The agency said the ratings are supported by the banks’ strong capital and liquidity positions, as well as Qatar’s robust macroeconomic fundamentals, including substantial hydrocarbon reserves, high income levels, and a strong sovereign balance sheet.

“Moody’s Ratings (Moody’s) affirmed the long-term local and foreign currency deposit and issuer ratings, where applicable, of eight Qatari banks: Qatar National Bank (QNB), Commercial Bank, Doha Bank, Qatar Islamic Bank, Dukhan Bank, AlRayan Bank, Qatar International Islamic Bank, and Ahli Bank, it noted.

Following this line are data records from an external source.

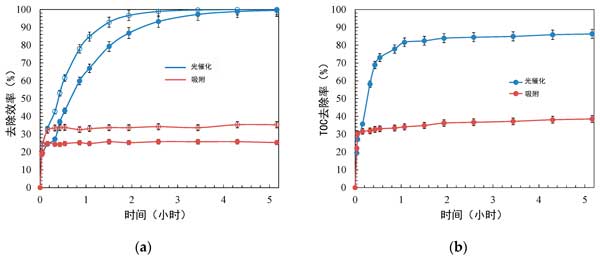 彩运cy888 图3:活性炭催化剂的吸附和光催化过程的去除效率。(a)初级降解,(b)矿化。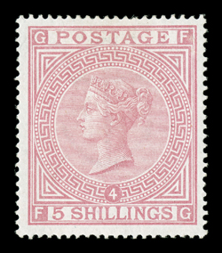 135 ng 127 imageS.G. #127, 1874 5/- Pale rose, Plate 2, watermark Maltese Cross, GH, handsome unused example, well centered, fresh color, regummed, very fine (Scott #57). (Image) £7,500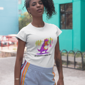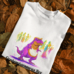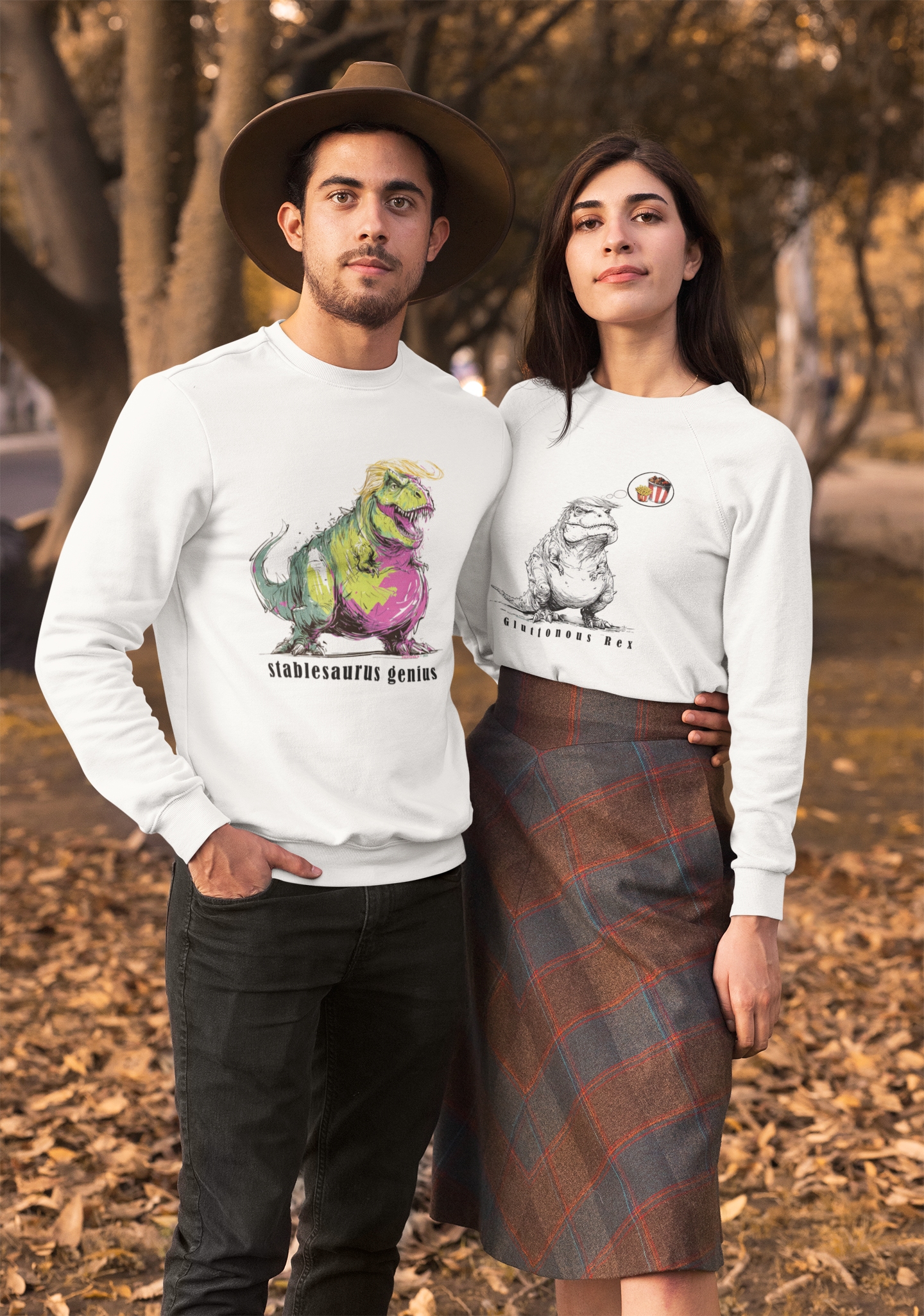 “Gluttonous Rex” is a cartoonish T-Rex with questionable hairstyle thinking about fried chicken and fries. Wear it outdoors holding an American flag, calling for freedom & satire.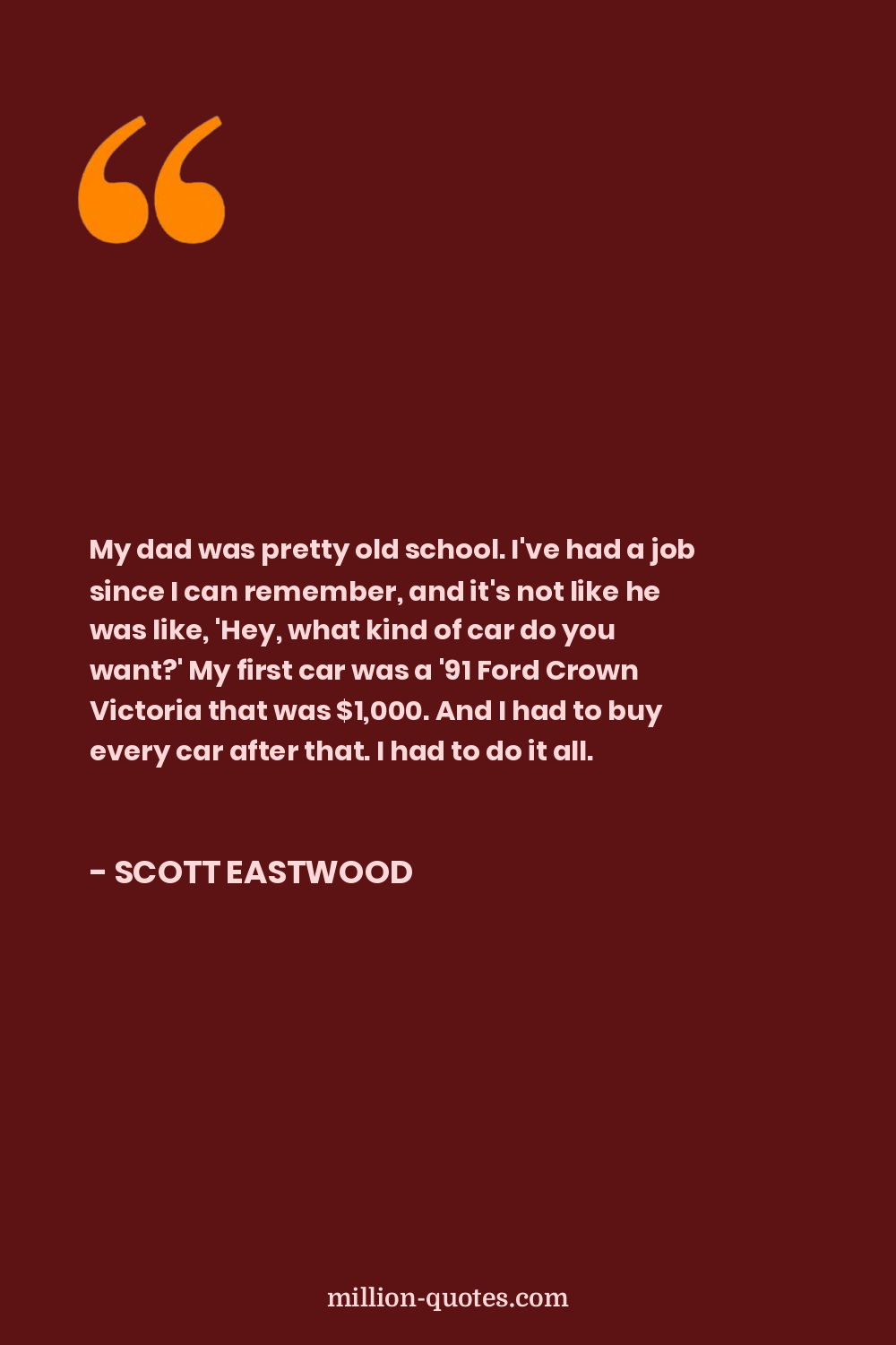 My dad was pretty old school. I've had a job since I can remember, and it's not like he was like, 'Hey, what kind of car do you want?' My first car was a '91 Ford Crown Victoria that was $1,000. And I had to buy every car after that. I had to do it all.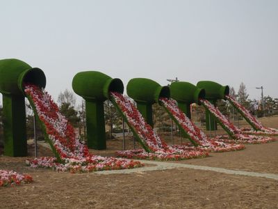 Парк аттракционов возле Стеклянного моста занимает очень большую площадь, которая засажена многочисленными цветами, кустарниками и деревьями. Ранней весной, конечно, было не так красиво, как летом.
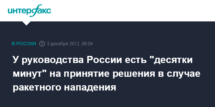 Москва. 3 декабря. INTERFAX.RU - Руководство страны имеет "десятки минут" для того, чтобы принять решение в случае ракетного нападения на Россию, сообщил в эфире радиостанции "Эхо Москвы" исполняющий обязанности начальника командования противовоздушной и противоракетной обороны Войск воздушно-космической обороны (ВВКО) генерал-майор Андрей Демин.
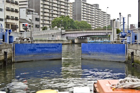 すっかり東横堀川のファンになったぼくだが、この大阪の河川は閘門に特徴がある。以前記事に書いたことがあるが、閘門というのは水位の異なる河川を船が往き来するための仕組み。2つの水門に挟まれたところに船を入れ、出ていく水位に合わせるというもの。って、この説明じゃよく分からないか。えーと、宇宙船の減圧室みたいなもの?もっと分からない?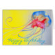 Original art hand drawn illustration of a jellyfish painted in watercolour by artist Sacha Grossel. This whimsical sea creature is on a beach themed background of yellow sand blue ocean. Een jellyfish birthday card.

“We have maintained the stable outlook on the long-term ratings of the eight Qatari banks. At the same time, we have affirmed the Baseline Credit Assessments (BCAs), Adjusted BCAs, Counterparty Risk Ratings (CRR) and Counterparty Risk (CR) Assessments of all banks.

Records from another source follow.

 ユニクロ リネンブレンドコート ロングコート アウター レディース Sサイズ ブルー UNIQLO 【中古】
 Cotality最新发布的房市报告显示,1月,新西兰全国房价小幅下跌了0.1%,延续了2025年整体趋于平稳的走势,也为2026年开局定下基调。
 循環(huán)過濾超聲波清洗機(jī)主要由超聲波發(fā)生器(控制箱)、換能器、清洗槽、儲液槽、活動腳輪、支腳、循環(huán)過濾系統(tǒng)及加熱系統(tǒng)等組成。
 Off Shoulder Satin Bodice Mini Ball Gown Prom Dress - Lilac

“We have affirmed the ratings of Qatari banks and maintained stable outlooks on the long-term deposit and issuer ratings, where applicable. At the standalone level, the banks’ BCAs remain supported by strong capital and liquidity buffers,” it added .

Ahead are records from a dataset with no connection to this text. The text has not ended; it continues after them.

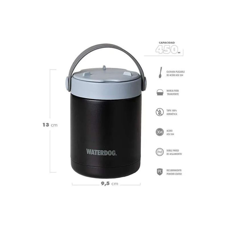Vianda termica Waterdog FOODI 450 cc NEGRO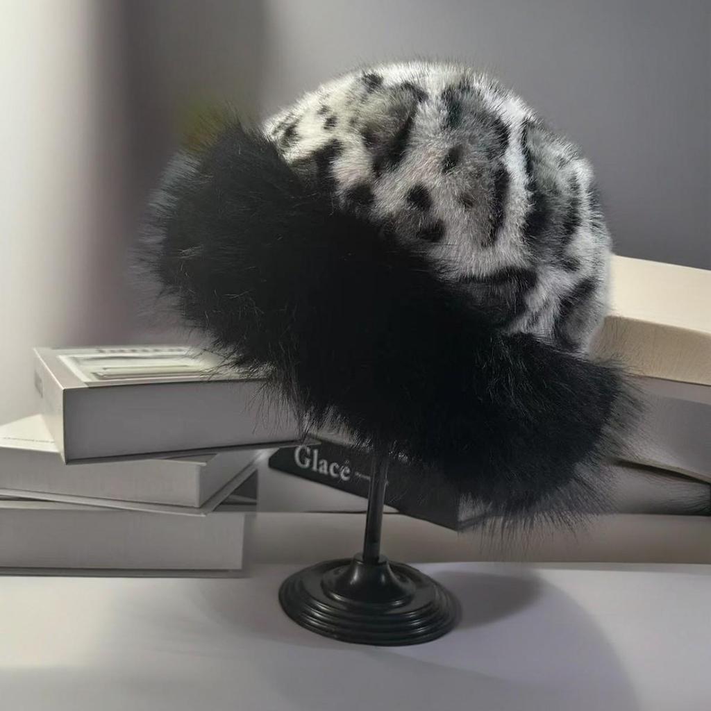 Женская ретро монгольская шапка с леопардовым принтом 2025 - Зимняя теплая шапка с толстой подкладкой и защитой ушей, модная универсальная плюшевая шапка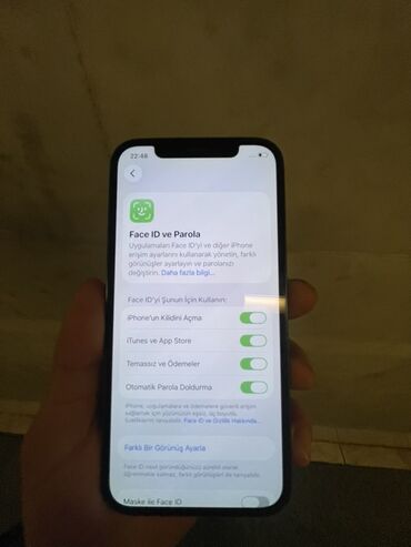 - Face ID mövcuddur; iPhone-un kilidini açma, iTunes və App Store, təmassız ödənişlər, avtomatik parol doldurma üçün aktivdir (ekran görüntüsündə göstərilib)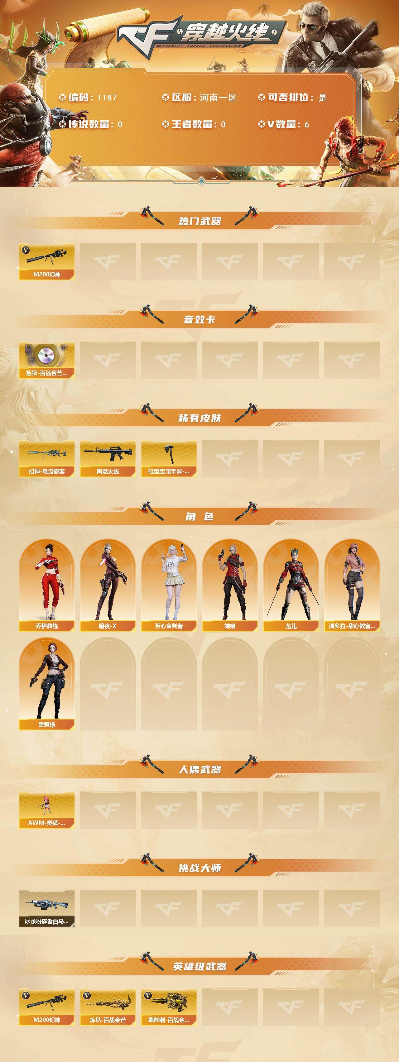 [15452966]河南一区-6v-0王者-0炫金 【热门武器】:m200-幻神 【音效卡】:炼狱-百战金芒-庆典舞曲音效卡 【皮肤】:幻神-电流骇客 皮肤,m4a1-再燃火线,轻型军用手斧-再燃火线 【角色】:乔伊教练,暗夜-x,芳心审判者,娟娟,龙儿,潘多拉-甜心教官,雪莉杨 【人偶武器】:awm-灵狐-15周年嘉年华 【挑战大师】:冰龙粉碎者-白马银呛 【英雄级武器】:m200-幻神,炼狱-百战金芒,麒麟刺-百战金芒 【道具】:bs战队炫彩背包,百战金芒炫彩背包,超级背包,女皇终结者-魔龙之吻,绿色巨人,灵魂忍者2,变异宝贝,迷雾幽灵2,夺命之镰,防化服3,金色流光-呛王排位,语音特效-盛典烟火,萌萌小葵表情,防弹头盔4,防弹衣4,c4工具钳4,手蕾包4 【特殊呛械】: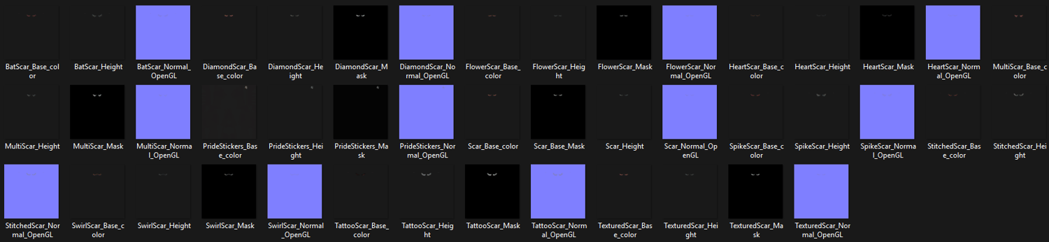 45 Textures (12 Base Textures, Height, Metallic, AO, Normal, Roughness, Masks)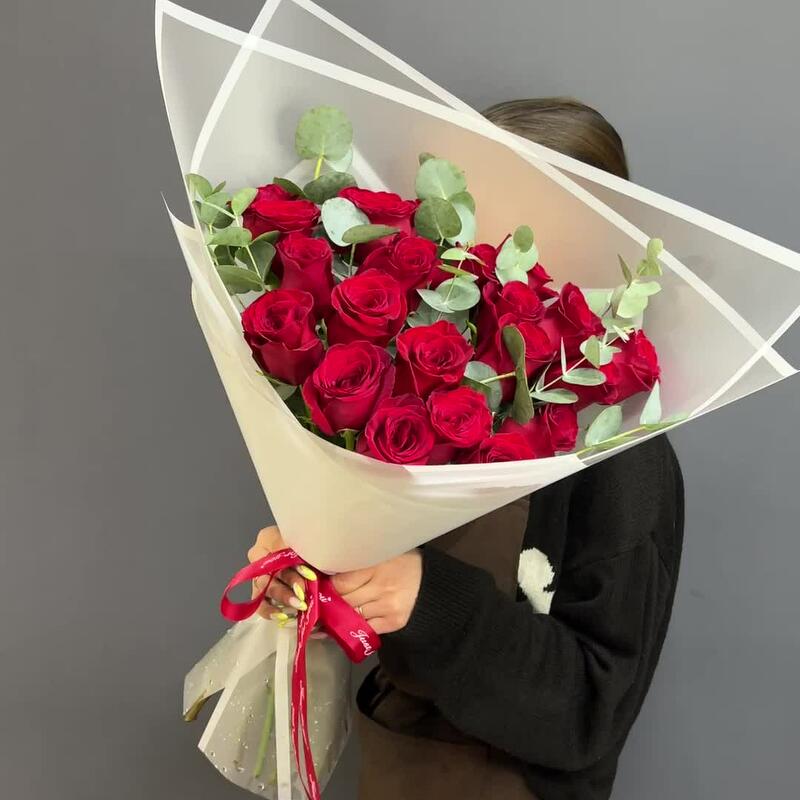 Эвкалипт – 7 шт.Атласная лента – 1 шт.Роза Эквадор 60 см – 21 шт.Дизайнерская упаковка – 1 шт.

At the system level, the affirmation is supported by Qatar’s strong macro profile, reflecting vast hydrocarbon reserves, very high income levels, and a robust sovereign balance sheet, all of which provide substantial shock-absorption capacity against the disruption of hydrocarbon exports.

The agency stated, “We expect overall real GDP to contract by around 14% in 2026, reflecting the effective halt in hydrocarbon trade flows for much of this year. However, we expect the impact on credit metrics to be transitory under our central scenario assumptions.”

From 2027 onward, strengthening economic conditions, supported by higher LNG production capacity and elevated energy prices, will underpin stronger fiscal performance and a gradual recovery in non oil economic activity.

The report further noted that Qatari banks ratings continue to incorporate a very high likelihood of government support, based on the government of Qatar’s strong capacity and willingness to support the banking system.

This is underpinned by its Aa2 (stable) sovereign rating), significant footprint in the domestic economy and banking sector, and a demonstrated track record of pre-emptive support during periods of financial stress.